# Using someone elses reciever at my house?



## charmz (Sep 5, 2011)

My friend got the free HDDVR upgrade at install...but cancelled his DVR service after the first month 

I have DVR service active on my account so I gave him one of my HD recievers and took his HDDVR 

Both work fine at the two houses, however...I cannot record anything on his HDDVR @ my house

Is there anway around this?

H24 is the reciever type


----------



## blaqhauq (Dec 13, 2010)

I don't think you can get around it. That receiver is on a account that does not have dvr so it doesn't matter who uses it. Or where you use it. It's still on his account. Just like if he orders ppv on the box you gave him, you will get billed for it and vice versa.


----------



## WestDC (Feb 9, 2008)

charmz said:


> My friend got the free HDDVR upgrade at install...but cancelled his DVR service after the first month
> 
> I have DVR service active on my account so I gave him one of my HD recievers and took his HDDVR
> 
> ...


As suggested=The Each receiver is Activated indepented of the main account setting- You need to return the HDDVR to your friend or you both need to call D* (be on the phone together) and swap then proper on your account.

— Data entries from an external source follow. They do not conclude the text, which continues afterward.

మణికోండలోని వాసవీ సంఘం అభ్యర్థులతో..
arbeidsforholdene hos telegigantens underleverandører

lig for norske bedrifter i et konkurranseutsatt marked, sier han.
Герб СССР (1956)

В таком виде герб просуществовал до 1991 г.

Or-Swqp them back and forget about it.


----------



## trh (Nov 3, 2007)

His Terms of Service says that he has to maintain DVR service for 2 years after he got his install. DirecTV is going to want that box back and they may charge him $$$ for cancelling his service early.

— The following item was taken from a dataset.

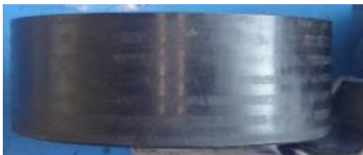
Aspecto de la polea

Si la correa se tensa de manera incorrecta y se mueve sobre el rodillo tensor, esta puede desplazarse y desalinearse. Cuando esto ocurre, se marca el sobremoldeado de poliamida del diámetro de bobinado de la polea.
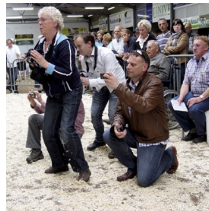
Nationale en internationale belangstelling.

Do you own that HD receiver? if it was a leased unit, I think you also violated the Terms of Service. 

You should swap the units back.


----------



## charmz (Sep 5, 2011)

oh damn...of well thought i could get a second DVR

you are talking about swapping...is there a way to swap receivers legit?...(both calling and saying we want to do so)


----------



## trh (Nov 3, 2007)

He isn't going to want to swap (and I don't believe there is a way to do this). When he signed up for HD DVR one month ago, he agreed to this from DirecTV(I edited out some parts):



> We do not charge an ECF if you decide to cancel your DVR Service or HD Access early, so long as you maintain the base level of programming. However, upon cancellation of DVR Service and/or HD Access, you are required to return the equipment used in connection with these services to DIRECTV... If you cease to be our customer (whether voluntarily or involuntarily), you must contact DIRECTV within 7 days of termination of your base level of programming to arrange for an equipment return kit or kits.... If we haven't received your equipment within 21 days of termination of your base level of programming, or if the equipment is returned in damaged condition, we will charge you $45 for each standard box, $175 for each DVR box, $125 for each HD box, *and $250 for each HD-DVR*, so please promptly attend to your equipment return.

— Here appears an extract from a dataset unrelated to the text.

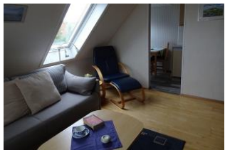
Das helle Wohnzimmer lädt zum Relaxen ein.

Das Haus "Pidder Lyng" - gelegen in Utersum - bietet Ihnen alles, was Sie sich für einen erholsamen Urlaub wünschen können. Das Dorfzentrum befindet sich 800 Meter entfernt und der schönste Strand der Insel ist in wenigen Gehminuten erreichbar. Die helle, sonnige Ferienwohnung mit Balkon verfügt über einen Schlafraum, eine separate Küche, ein Badezimmer mit Dusche sowie einen kombinierten Wohn-/Schlafraum. Alle Räume wurden mit viel Liebe zum Detail eingerichtet. Die hochwertige Ausstattung reicht vom eigenen Parkplatz, über Backofen und Geschirrspüler bis hin zum WLAN-Anschluss.

You need to get him back his box so he can return it.

*Source Link*


----------



## WestDC (Feb 9, 2008)

charmz said:


> oh damn...of well thought i could get a second DVR
> 
> you are talking about swapping...is there a way to swap receivers legit?...(both calling and saying we want to do so)


 You can purchase a "owned HDDVR" on ebay(just check the RID number with D* before purchase) or a leased HDDVR form any online retailer like amazon or solidsignal.

Get your box back and return his to him ASAP


----------



## HoTat2 (Nov 16, 2005)

trh said:


> His Terms of Service says that he has to maintain DVR service for 2 years after he got his install. DirecTV is going to want that box back and they may charge him $$$ for cancelling his service early.
> 
> Do you own that HD receiver? if it was a leased unit, I think you also violated the Terms of Service.
> 
> You should swap the units back.


That's what I didn't understand. Unless the OP's friend owns the box, if he cancels service on a leased receiver after only one month, DIRECTV will assess an ETF and demand return of the box within about 20 days after the receipt of a return kit or they will charge him for the cost of the receiver as well.


----------



## trh (Nov 3, 2007)

HoTat2 said:


> Unless the OP's friend owns the box, if he cancels service on a leased receiver after only one month, DIRECTV will assess an ETF and demand return of the box within about 20 days after the receipt of a return kit or they will charge him for the cost of the receiver as well.


No EFT if he just cancels DVR service, but they do want the box back.
------------------------------------
And yes, I'm assuming that his box is leased and not owned because of the OP's original statement "My friend got the free HDDVR upgrade at install"


----------